Complex Trauma

Not all trauma looks the same. While some people experience a single overwhelming event, many carry the effects of complex trauma—the kind that happens over time, often in relationships where you should have been safe. Childhood neglect, emotional abuse, unstable caregivers, chronic invalidation—these experiences don’t leave a single wound.
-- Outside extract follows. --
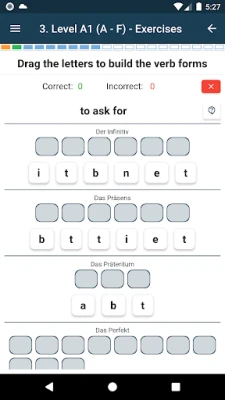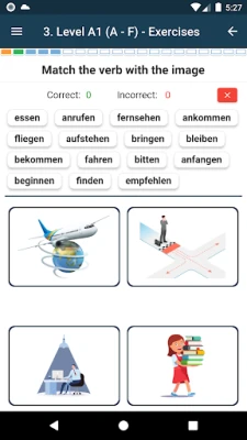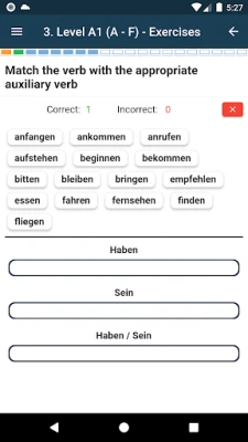 The app contains nearly 60 lessons, almost 800 words in dictionaries, and over 1000 examples in phrases. It includes about 260 graphics, nearly 2500 sounds, over 600 conjugations along with audio and 320 exercises, including 'Find word pairs', 'Translate into German'. Perfect for learning German. Start your learning today!
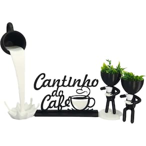 Cantinho do café flutuante derramando café dolce gusto pt/br Nosso kit acompanha: 1 xícara flutuante com aproximadamente 24,8cm de altura 1 base do letreiro removível com aproximadamente 21cm de largura e 13cm de altura 1 bob sentado bebendo café com aproximadamente 13cm s/considerar as plantas 1 bob em pé bebendo café com aproximadamente 15cm s/considerar as plantas Obs. Já acompanha as plantinhas artificiais Letreiro com base removível, possibilitando seu uso tanto em pé quanto fixado na parede com fita dupla face, se preferir. Obs. Não acompanha fita. O material empregado é o pla poliácido láctico , um plástico biodegradável e seguro para a saúde. Nosso produto chega montado, apenas o letreiro que vai solto da base, mas é simples o encaixe. Cuidados e conservação: as peças podem apresentar alterações quando expostas a altas temperaturas ou à luz solar intensa por longos períodos. do vendedor: 3 meses Marca: Não Informado

They shape the way you see yourself, connect with others, and move through the world.

If you’ve ever wondered why you struggle to trust, why your nervous system seems stuck on high alert (or shut down entirely), or why patterns you thought you’d outgrown keep showing up in your closest relationships—complex trauma may be part of your story.
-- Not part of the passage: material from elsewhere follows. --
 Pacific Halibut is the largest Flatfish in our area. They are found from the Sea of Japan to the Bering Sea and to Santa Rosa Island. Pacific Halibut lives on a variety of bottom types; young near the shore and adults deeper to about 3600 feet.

How complex trauma shows up:

  • Relational patterns that feel impossible to break — attracting the same dynamics, over-functioning for others, or finding intimacy terrifying
  • A nervous system that won’t settle — chronic anxiety, hypervigilance, emotional flooding, or the opposite: numbness and disconnection
  • Parts of yourself that feel at war — inner critics, protective walls, shame that doesn’t match your logic
  • Dissociation or feeling unreal — spacing out, losing time, feeling detached from your body or emotions
  • Difficulty knowing what you feel or need — a sense that your own internal world is hard to access or trust

My approach to complex trauma:

Healing complex trauma requires more than insight—it requires working with the body, the nervous system, and the relational patterns that got wired in long ago. I’ve invested deeply in specialized training to offer this kind of care:

  • Accelerated Resolution Therapy (ART) — an evidence-based modality that allows you to reprocess traumatic memories quickly, often without having to verbally relive painful details
  • Dissociation & Complex Trauma training — specialized work in understanding and treating the fragmentation that can result from prolonged traumatic stress
  • Transform Trauma Masters Event (Oxford) — advanced training in Healing Our Relational World, deepening my understanding of how trauma lives in our connections and how healing happens there too
  • Polyvagal theory — the science of how your nervous system responds to safety and threat, and how to help it find regulation again
  • Janina Fisher’s trauma model — a compassionate framework for understanding how trauma creates inner fragmentation and how to work with protective parts without pathologizing them

What healing looks like:

Complex trauma didn’t happen in isolation, and it doesn’t heal in isolation either. Our work together will be relational—a space where you can begin to experience what it feels like to be truly seen, to have your nervous system settle in the presence of another person, and to slowly rewrite the old stories your body has been carrying.

This isn’t about rushing through your pain or “getting over” your past. It’s about building the capacity to be present in your own life—in your body, in your relationships, and in the future you’re creating.